(ASSIGNED TASK)
Only an exact repetition of the lines from the one holding "REGULUS sestava solární" to the end of the data is wanted, with pictures left out.

(INFORMATION SHOWN)

────

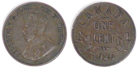 CANADA - Confederation, George V, 1926 Cent, Choice VF
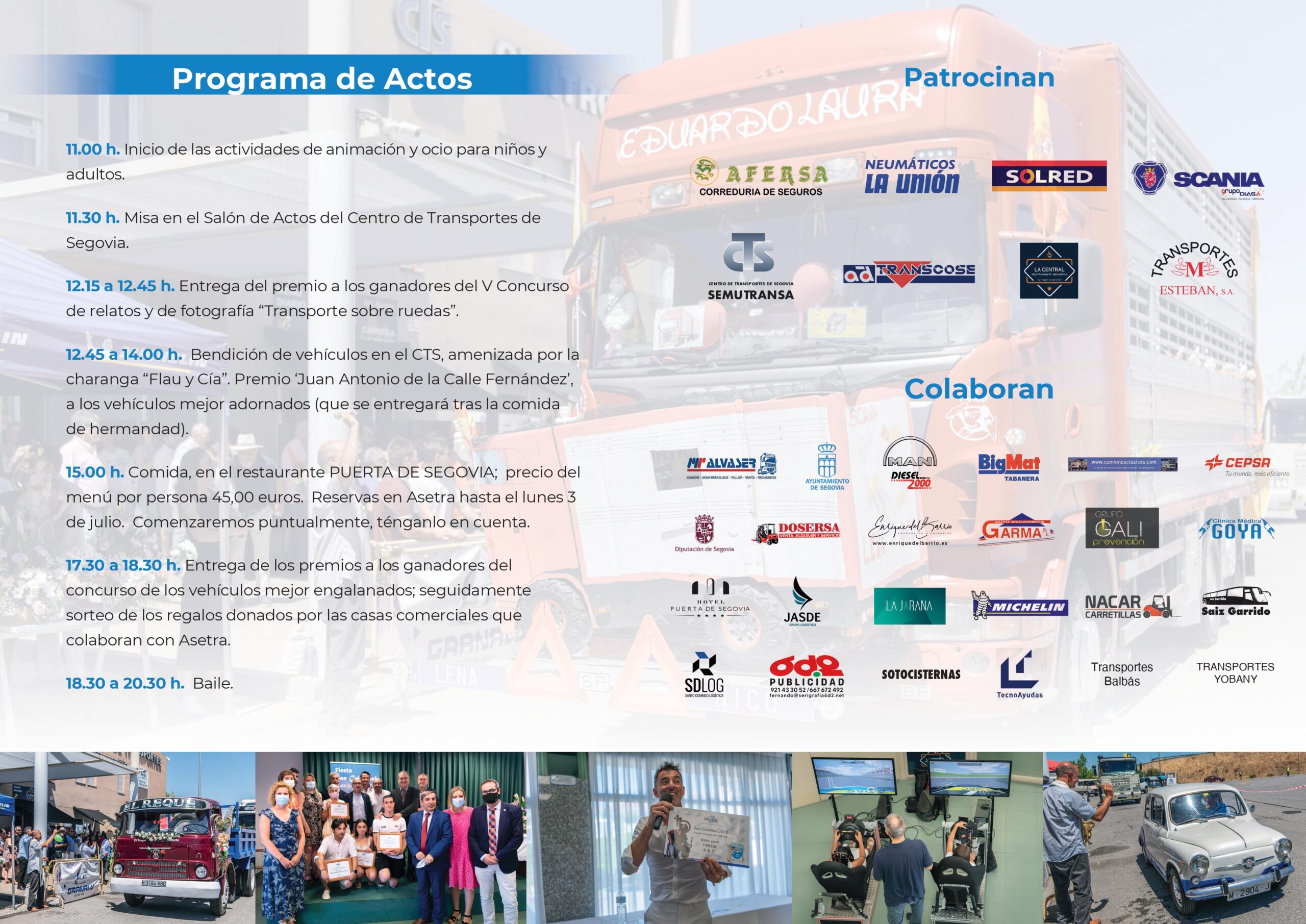 Ya hemos cerrado el programa de actividades del próximo sábado 8 de julio, con motivo del patrón del transporte, San Cristóbal, en Segovia. Pueden descargarle en este enlace. Quien desee acudir a la comida en el restaurante Puerta de Segovia, por favor que nos lo diga con la mayor brevedad.
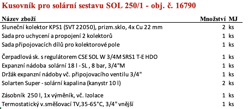 REGULUS sestava solární Sestava SOL 250/1, s ohřívačem
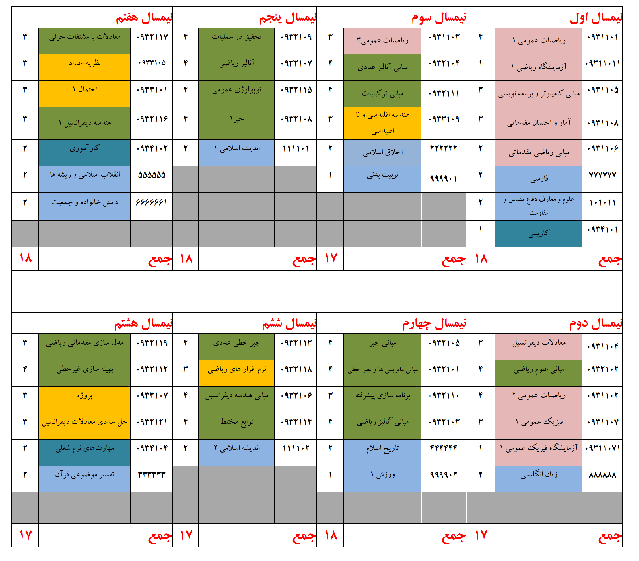 برنامه 8 نیمسال رشته ریاضیات و کاربردها ورودی 1400 و ما قبل

────

(RESPONSE)
 REGULUS sestava solární Sestava SOL 250/1, s ohřívačem
 برنامه 8 نیمسال رشته ریاضیات و کاربردها ورودی 1400 و ما قبل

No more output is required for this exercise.